» **Directions**:
Only the pictures are dropped. Restate each line below word for word.

» **Collected data**:
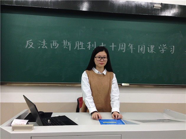 在团课的一开始,团支书林卉卉发表了讲话。她指出,在反法西斯战争中,中华热血儿女毅然奔赴抗日前线,加入救亡图存的行列,他们为求得民族的解放,抛头颅、洒热血,在枪林弹雨中写就了他们壮丽的人生篇章。中国人民浴血奋战所铸就的前仆后继、不屈不挠、团结奋斗、反抗侵略的抗战精神是一种伟大民族精神,是一种具有中国特色的爱国主义精神,是今天我们这个时代最珍贵的精神财富。
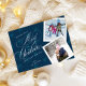 Navy Blue Script Collage Merry Christmas Photo Holiday Card
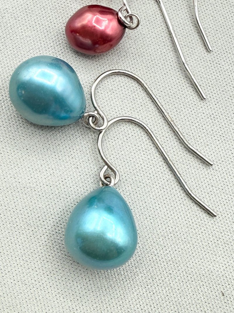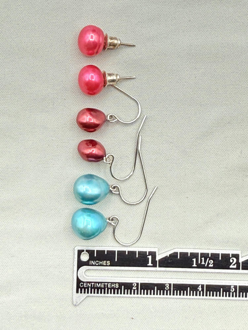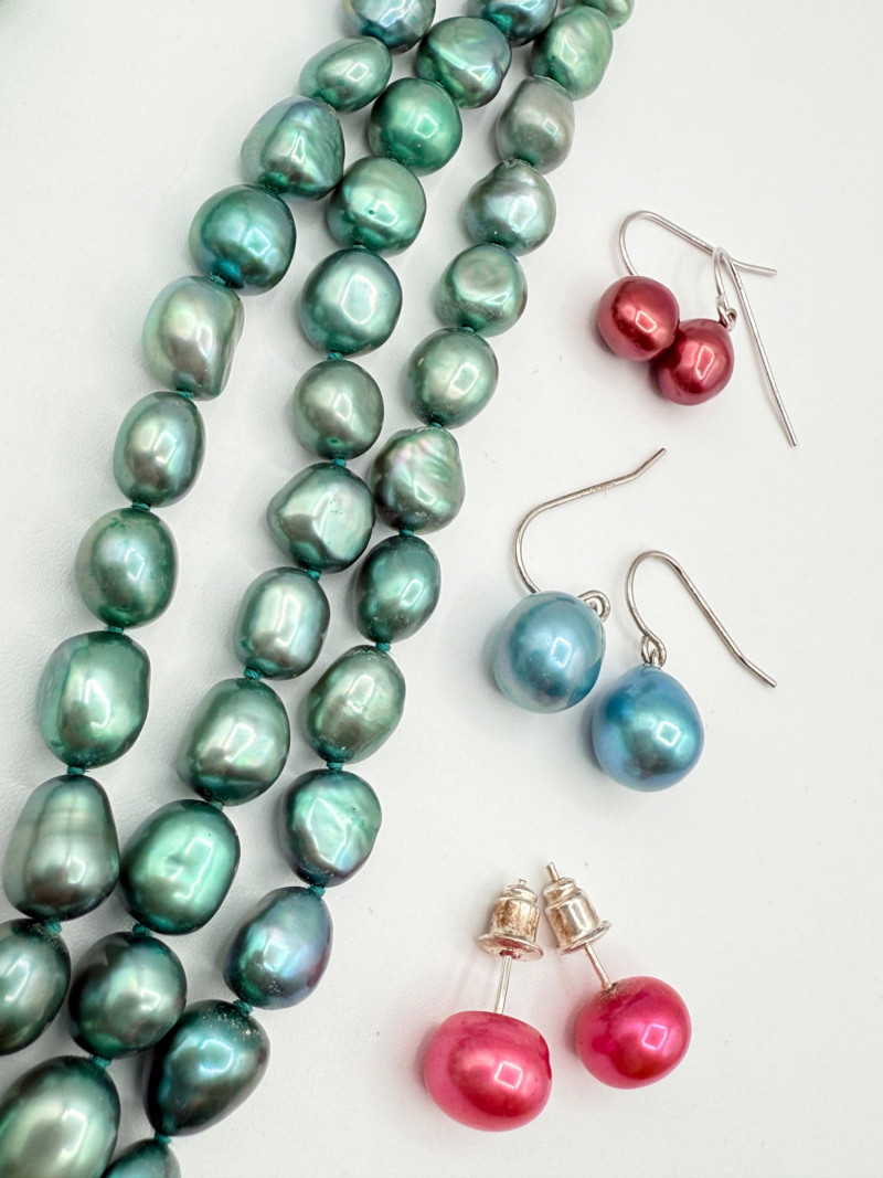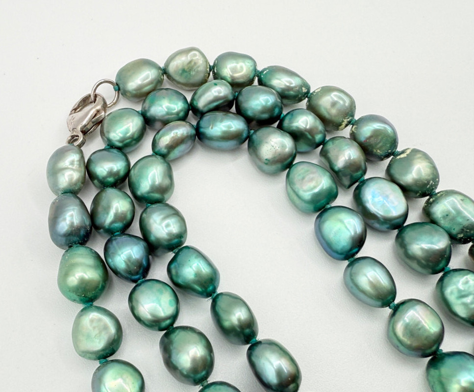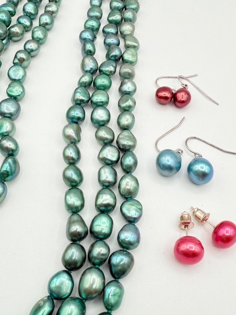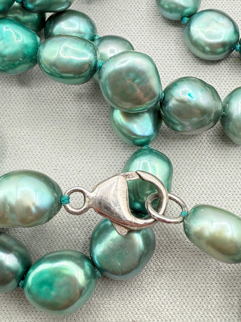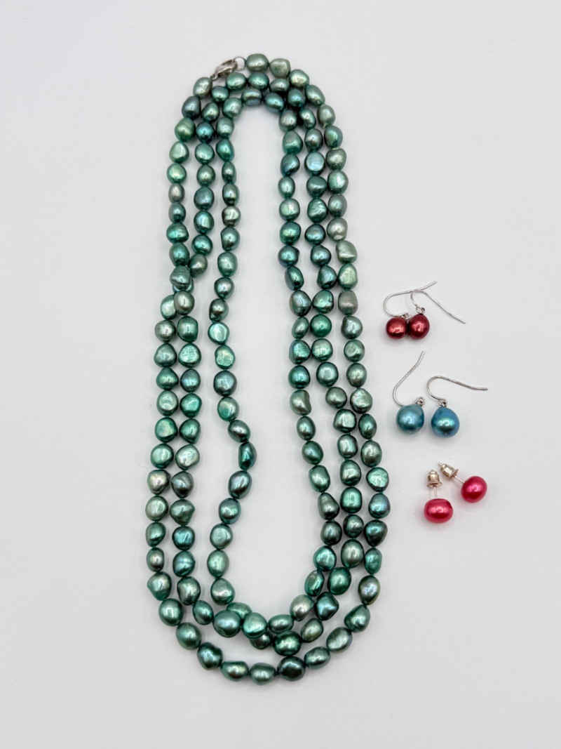 Sterling Teal Green Freshwater Cultured Pearl Necklace + Earrings Disclaimer: The jewelry in this auction lot has not been tested. By placing a bid, you agree to purchase the item as is, with no guarantees regarding metal quality, content, or purity. Refunds will not be issued on these factors.

» **Reply**:
 在团课的一开始,团支书林卉卉发表了讲话。她指出,在反法西斯战争中,中华热血儿女毅然奔赴抗日前线,加入救亡图存的行列,他们为求得民族的解放,抛头颅、洒热血,在枪林弹雨中写就了他们壮丽的人生篇章。中国人民浴血奋战所铸就的前仆后继、不屈不挠、团结奋斗、反抗侵略的抗战精神是一种伟大民族精神,是一种具有中国特色的爱国主义精神,是今天我们这个时代最珍贵的精神财富。
 Navy Blue Script Collage Merry Christmas Photo Holiday Card
 Sterling Teal Green Freshwater Cultured Pearl Necklace + Earrings Disclaimer: The jewelry in this auction lot has not been tested. By placing a bid, you agree to purchase the item as is, with no guarantees regarding metal quality, content, or purity. Refunds will not be issued on these factors.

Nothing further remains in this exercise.